What is the point behind a gas block (top is flat, with picatinny rail) that sits lower than the top rail across the fore end and receiver?


----------



## Wind In His Hair (Dec 31, 2009)

Front sights are available in different heights. A low profile gas block would accommodate a taller front sight that would be too tall on a same plane gas block.


----------



## Frisco Pete (Sep 22, 2007)

If you mean a low-profile gas block that has no Picatinny/Weaver rail on top, that would be for those who want the gas block to fit under the free-float rail and plan on mounting an iron sight (BUIS) on the quad rail. A longer quad rail can be used and the result is pretty clean.

Standard gas blocks with the Picatinny/Weaver rail top are a bit lower than most quad rails. Therefore outfits that make the front irons, for example Troy Ind. offer them in both gas block and rail heights to satisfy all customers.

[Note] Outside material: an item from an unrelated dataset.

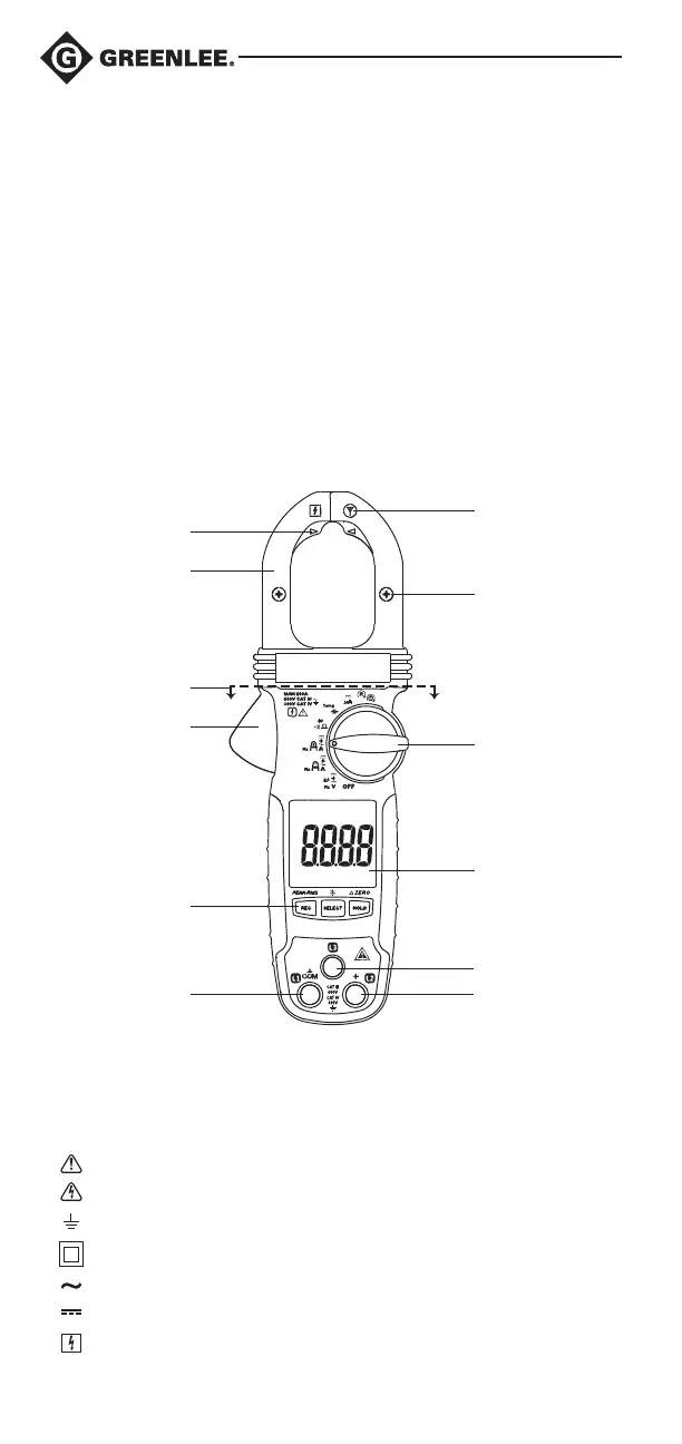 2. Jaw center indicator for best current accuracy; polarity indicator for DC amps

It is just customer/user preference.

Here is a low-profile gas block installed waiting for the quad rail to be slipped over it:









Here is an example of a Noveske/Troy front sight mounted on the rail with a low-profile gas block partially under the rail:









Same sight/rail/gas block from the side:


----------



## Chaser (Sep 28, 2007)

Here is what I am talking about:
[attachment=0:1odixjfx]gasblock.jpg[/attachment:1odixjfx]
The top of the picatinny rail on the gas block sits just about 3/16 of an inch lower than the top of the rail on the hand guard. I have seen sights that are taller, and I have seen spacers that bring the height up as well, although they all seem to put the front sight up too high, making it impossible to adjust the elevation of the BUIS to a position allowing them to be sighted in.


----------



## Chaser (Sep 28, 2007)

Perhaps a mount like this was designed to be mounted on the lower gas blocks?
http://www.cheaperthandirt.com/product/2-VLTSM-OCG


----------



## Frisco Pete (Sep 22, 2007)

Like I said, most good companies that make BUIS offer fronts in either gas block mount height or rail mount height.

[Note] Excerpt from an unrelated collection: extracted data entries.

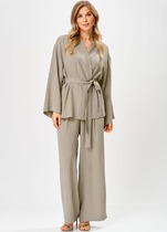 Комплект состоит из туники и юбки. Элегантный костюм не оставит Вас незамеченной и станет Вашей любимой одеждой не только на осенний период, но и в любое время года. Туника трикотажная прямого силуэта со спущенной линией плеча. По левой части переда декоративная печать. Рукав одношовный укороченный с манжетой по низу. Юбка на подкладке слегка заужена к низу, изготовлена из текстильной ткани. По переду частично отлетная правая часть с имитацией запаха. Заднее полотнище юбки со средним швом и разрезом по низу. По верху юбки притачной пояс с резинкой по бокам.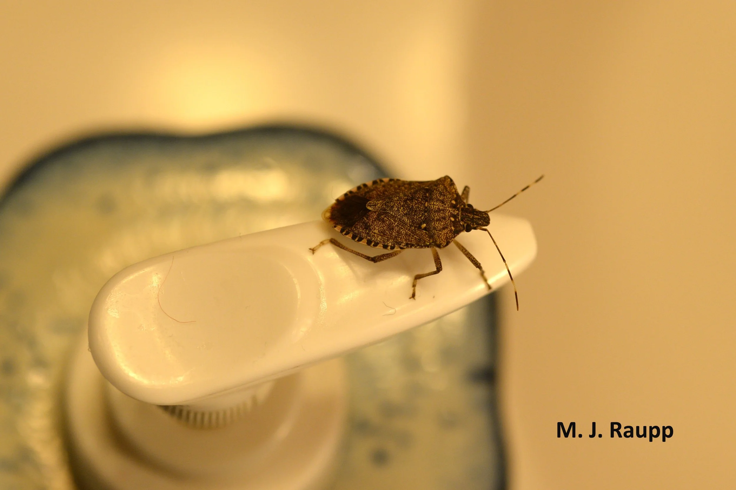 Millions of folks throughout the nation were treated to invasions of stink bugs last autumn as the horde sought refuge in homes, schools, and office buildings. Some people mistakenly believe that stink bugs enter buildings in winter to get warm, but this is not the case. In the natural world where stink bugs evolved over millions of years, there were no McMansions. Stink bugs sought winter refuge in sheltered spots beneath the bark of trees or in rocky crags. Protected from the onslaught of winter, stink bugs chilled out and entered a state akin to hibernation where their activity declined as they awaited the return of favorable temperatures and springtime food. Lengthening days and warm temperatures signal the return of leaves, flowers, and fruit. With the return of warmth and food sources, stink bugs answered Mother Nature’s wake-up call and moved from their refuges to the greening landscape. Ah, but humans build structures and provide other places for stink bugs to survive. Inside attics or beneath the siding of homes where stink bugs sheltered for the winter, warm days convince stink bugs that spring has arrived and that it is time to return to the wild to seek food and pursue the biological imperative of finding mates and reproducing. With many stink bugs wandering about, it appears that my home, like many others, proved to be an excellent choice for surviving the rigors of winter.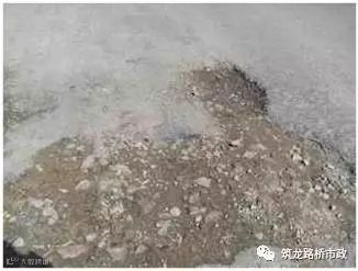 (4)在原沥青路面上作沥青加铺层时,老路面上未洒粘层油、或低温施工、或加铺层渗水,在春融季节,行车的作用下,使加铺沥青层破坏脱落。

The Weaver-style gas block came _before_ full-float quad rails became popular - of course both are available now and sometimes used in conjunction with each other. The design of the FF quad rail is such that it requires the lower sight height obviously, and reputable manufactures cater to both mounting areas in height with 2 front sights heights in order to maintain a standard.

However you may have to do a little digging to make sure the one you order is the appropriate height.
On the other hand, the pictured AR could use either height as it has a mounting place for both.

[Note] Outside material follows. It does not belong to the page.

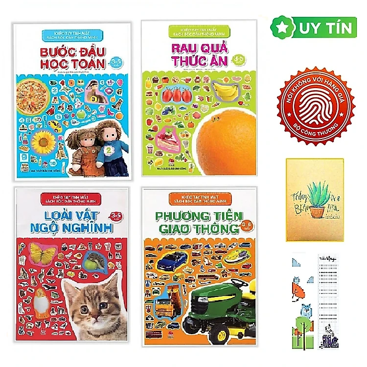 Khéo Tay Tinh Mắt, Sách Bóc Dán Thông Minh - Bước Đầu Học Toán + Rau Quả Thức Ăn + Loài Vật Ngộ Nghĩnh + Phương Tiện Giao Thông - Combo 4 Cuốn (Tặng kèm Bookmark CÚ MÈO + SỔ TAY XƯƠNG RỒNG)

As mentioned, the lower gas block type came out BEFORE they really had FF quad rails. My AWB-era Rock River had that option. There was no FF quads then. That is the key to the question. It is not stupid, just the way of AR evolution.


----------



## Chaser (Sep 28, 2007)

Ok, I understand. I did look on the Diamondhead website, and saw that they make taller BUIS, but they are too dang expensive. More than the front and back MBUS combined. Guess I'll just run the front one where I have it now.


----------